Extracted material.
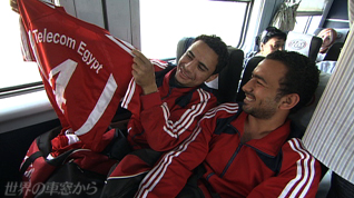 車内でおそろいの赤いジャージを着た サッカー・チームに出会いました これからミニヤで試合があるそうです チーム名はテレコム・エジプト 国営の電話会社に所属する プロリーグ2部のチームで 2006年に結成されたばかり まだ新聞の一面を飾るような強豪では… ありません
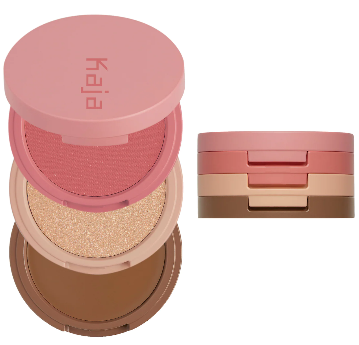 Kaja全新面部彩妆盘沿袭了品牌眼影经典的层叠式圆柱设计,小巧可爱。彩妆盘共三层,分别是腮红、高光和修容,均为奶油质地,顺滑易推开,可以快速完成上妆或补妆。彩妆盘共推出三个不同色号:Butter Up、Cloud Latte和Mochamallow,可以适应不同肤色的需求。
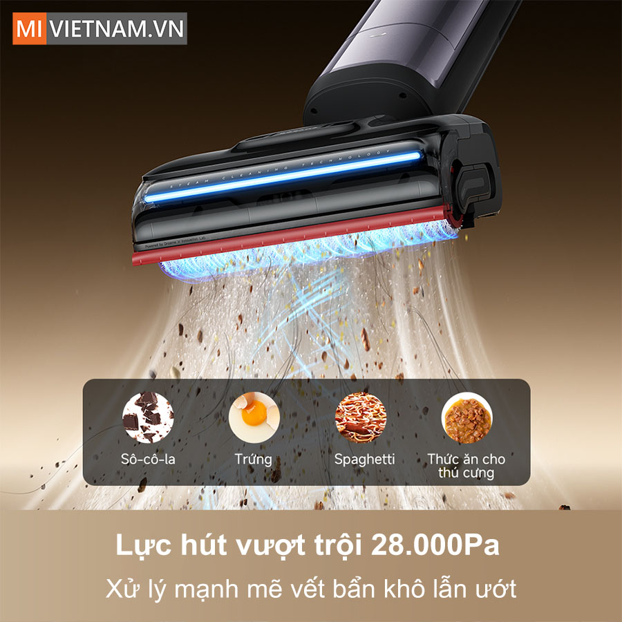 Lực hút siêu mạnh 28.000Pa, xử lý vết bẩn khô và ướt dễ dàng
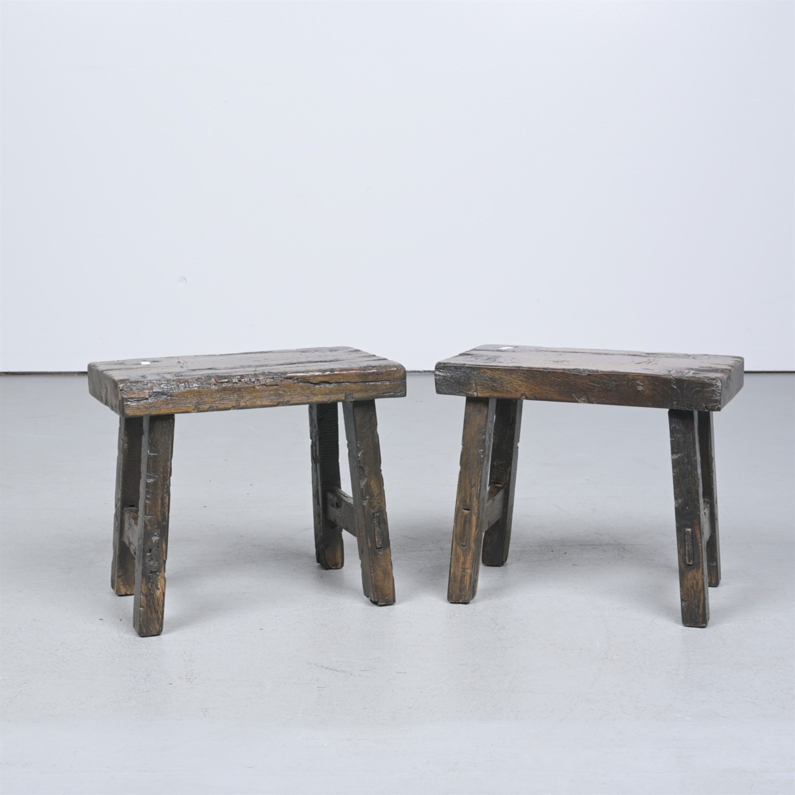 A PAIR OF OAK STOOLS IN 18th CENTURY PROVINCIAL STYLE (35CM H X 41CM W X 24CM D)
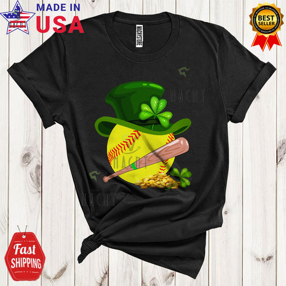 Softball Equipment With Leprechaun Hat Cool Cute St. Patrick's Day Sport Player Playing Team T-Shirt

What needs to be done.
Transcribe the listing above exactly, leaving every picture out.

Task solution.
 車内でおそろいの赤いジャージを着た サッカー・チームに出会いました これからミニヤで試合があるそうです チーム名はテレコム・エジプト 国営の電話会社に所属する プロリーグ2部のチームで 2006年に結成されたばかり まだ新聞の一面を飾るような強豪では… ありません
 Kaja全新面部彩妆盘沿袭了品牌眼影经典的层叠式圆柱设计,小巧可爱。彩妆盘共三层,分别是腮红、高光和修容,均为奶油质地,顺滑易推开,可以快速完成上妆或补妆。彩妆盘共推出三个不同色号:Butter Up、Cloud Latte和Mochamallow,可以适应不同肤色的需求。
 Lực hút siêu mạnh 28.000Pa, xử lý vết bẩn khô và ướt dễ dàng
 A PAIR OF OAK STOOLS IN 18th CENTURY PROVINCIAL STYLE (35CM H X 41CM W X 24CM D)
 Softball Equipment With Leprechaun Hat Cool Cute St. Patrick's Day Sport Player Playing Team T-Shirt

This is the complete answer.